ENTRIES SHOWN >>

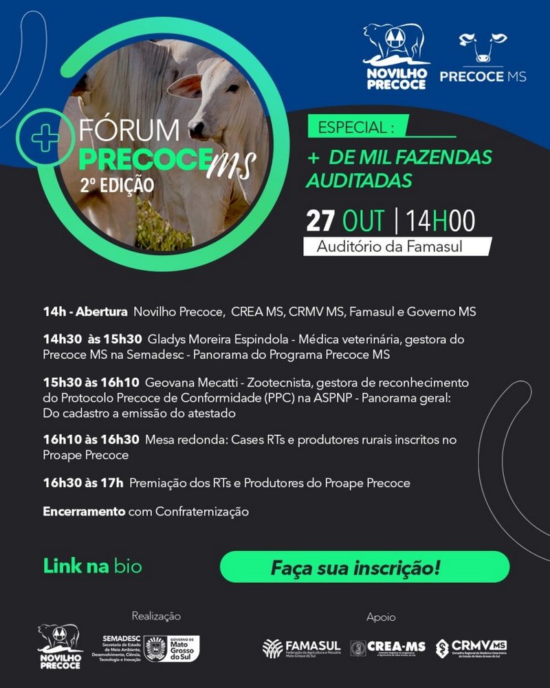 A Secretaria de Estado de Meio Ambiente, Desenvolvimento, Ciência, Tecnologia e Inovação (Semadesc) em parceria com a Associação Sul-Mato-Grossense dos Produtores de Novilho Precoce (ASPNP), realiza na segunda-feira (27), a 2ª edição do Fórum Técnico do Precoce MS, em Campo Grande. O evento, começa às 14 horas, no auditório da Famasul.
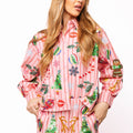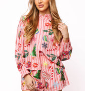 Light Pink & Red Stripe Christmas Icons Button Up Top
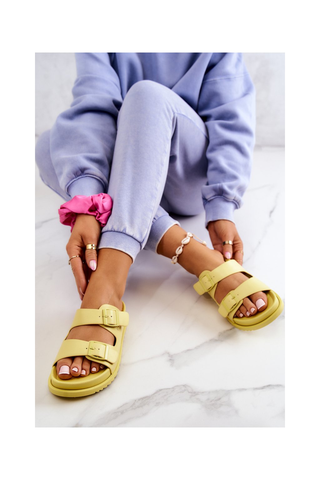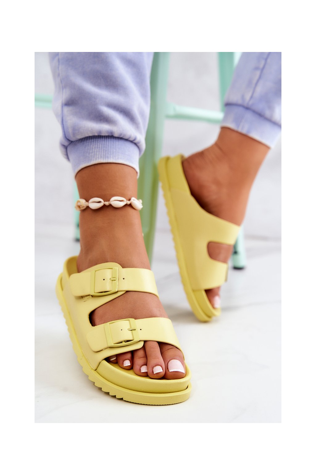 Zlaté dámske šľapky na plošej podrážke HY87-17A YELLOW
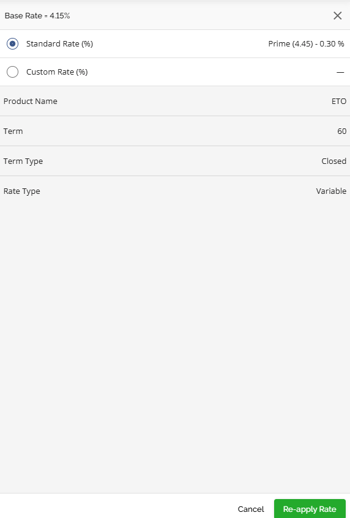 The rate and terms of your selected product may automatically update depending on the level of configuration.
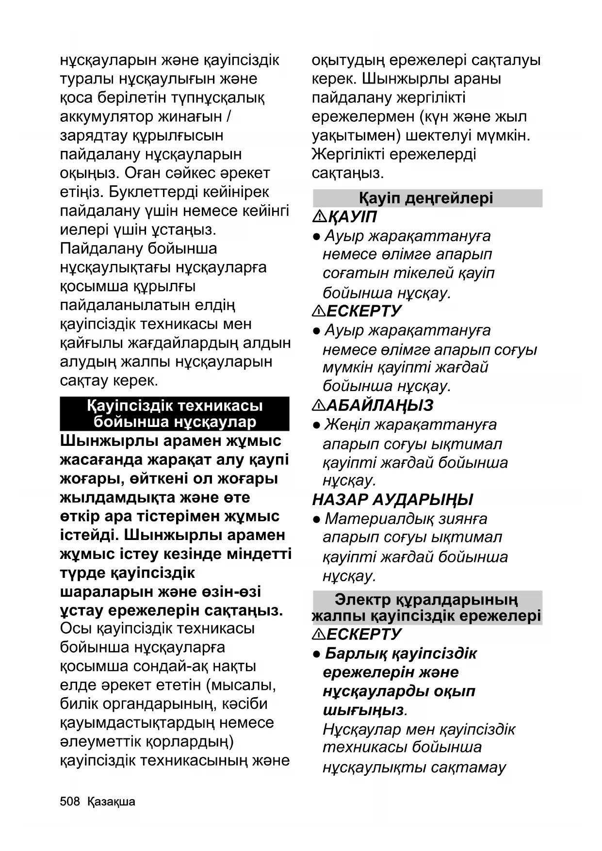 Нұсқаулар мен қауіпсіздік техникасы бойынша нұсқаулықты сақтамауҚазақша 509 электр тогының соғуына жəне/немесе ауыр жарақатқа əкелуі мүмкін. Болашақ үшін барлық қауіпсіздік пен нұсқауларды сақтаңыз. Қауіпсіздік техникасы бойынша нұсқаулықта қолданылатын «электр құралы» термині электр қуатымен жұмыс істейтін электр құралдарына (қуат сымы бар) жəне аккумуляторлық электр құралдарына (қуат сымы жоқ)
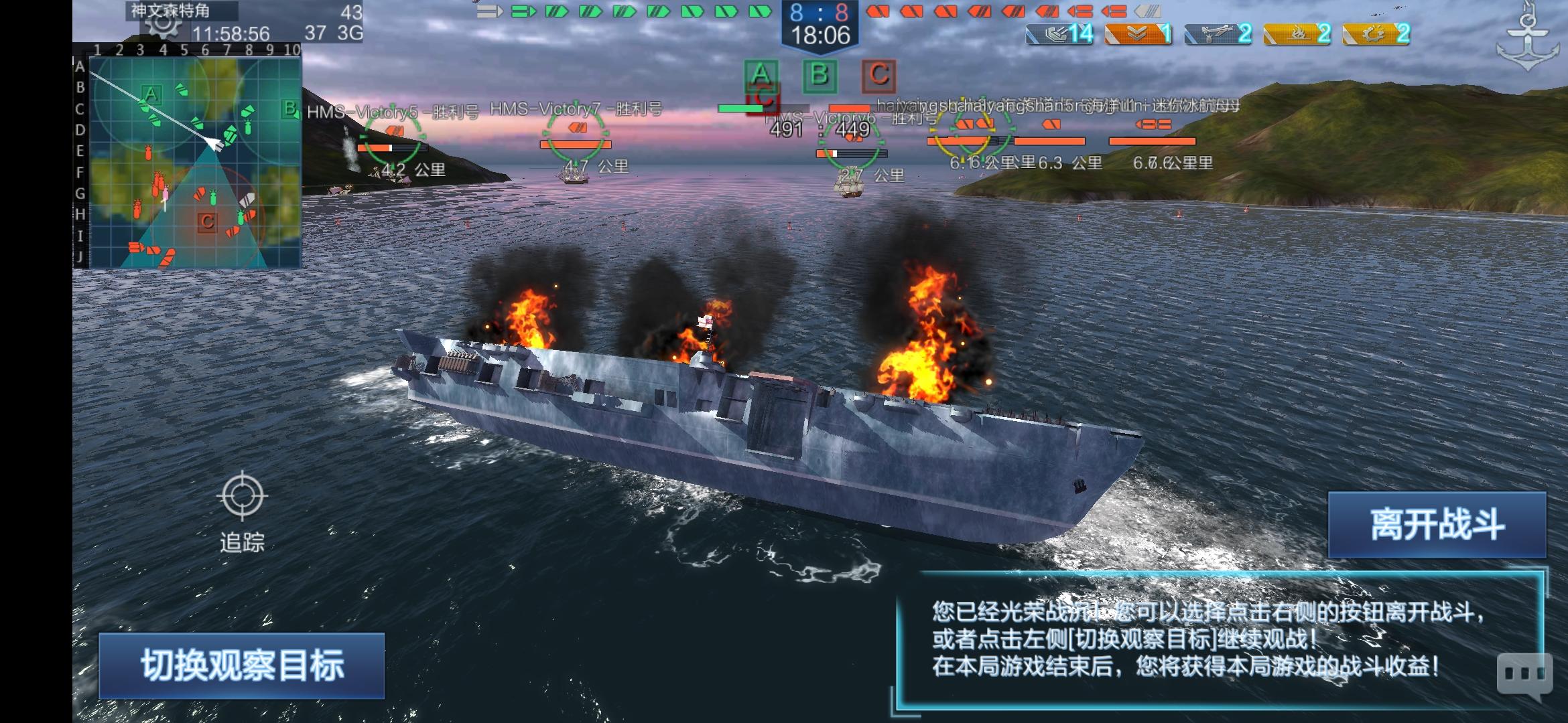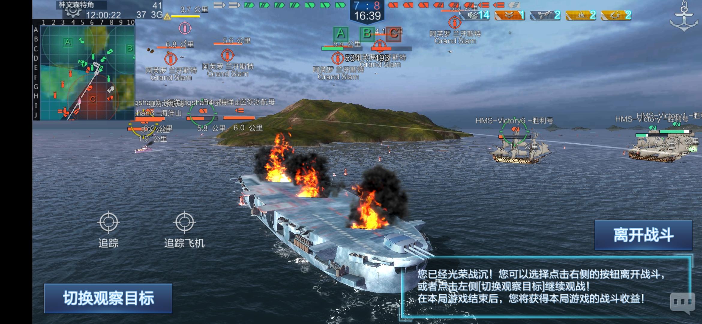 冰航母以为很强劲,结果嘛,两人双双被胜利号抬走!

WORK TASK >>
Please print, exactly as given, the lines running from the beginning of the listing through the line containing "Light Pink &", omitting each picture.

RESPONSE >>
 A Secretaria de Estado de Meio Ambiente, Desenvolvimento, Ciência, Tecnologia e Inovação (Semadesc) em parceria com a Associação Sul-Mato-Grossense dos Produtores de Novilho Precoce (ASPNP), realiza na segunda-feira (27), a 2ª edição do Fórum Técnico do Precoce MS, em Campo Grande. O evento, começa às 14 horas, no auditório da Famasul.
 Light Pink & Red Stripe Christmas Icons Button Up Top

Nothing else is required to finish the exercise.